What the exercise asks
The full listing, written out exactly and without images, is the expected result.

-------- Supplied data

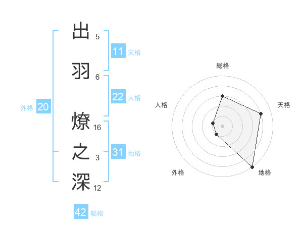 出羽 燎之深さんの地格は31画の5点!
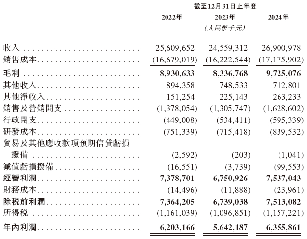 招股书显示,在过去的2022年、2023年和2024年,海天味业的营业收入分别为人民币256.10亿、245.59亿和269.01亿元,相应的净利润分别为人民币62.03亿、56.42亿和63.56亿元。
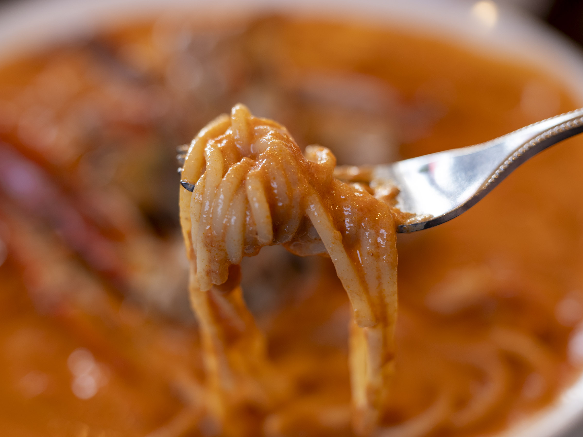 大人気メニューの「渡り蟹のトマトクリームスパゲティ」(1,620円)をオーダーしてみました。

----------------

Solution
 出羽 燎之深さんの地格は31画の5点!
 招股书显示,在过去的2022年、2023年和2024年,海天味业的营业收入分别为人民币256.10亿、245.59亿和269.01亿元,相应的净利润分别为人民币62.03亿、56.42亿和63.56亿元。
 大人気メニューの「渡り蟹のトマトクリームスパゲティ」(1,620円)をオーダーしてみました。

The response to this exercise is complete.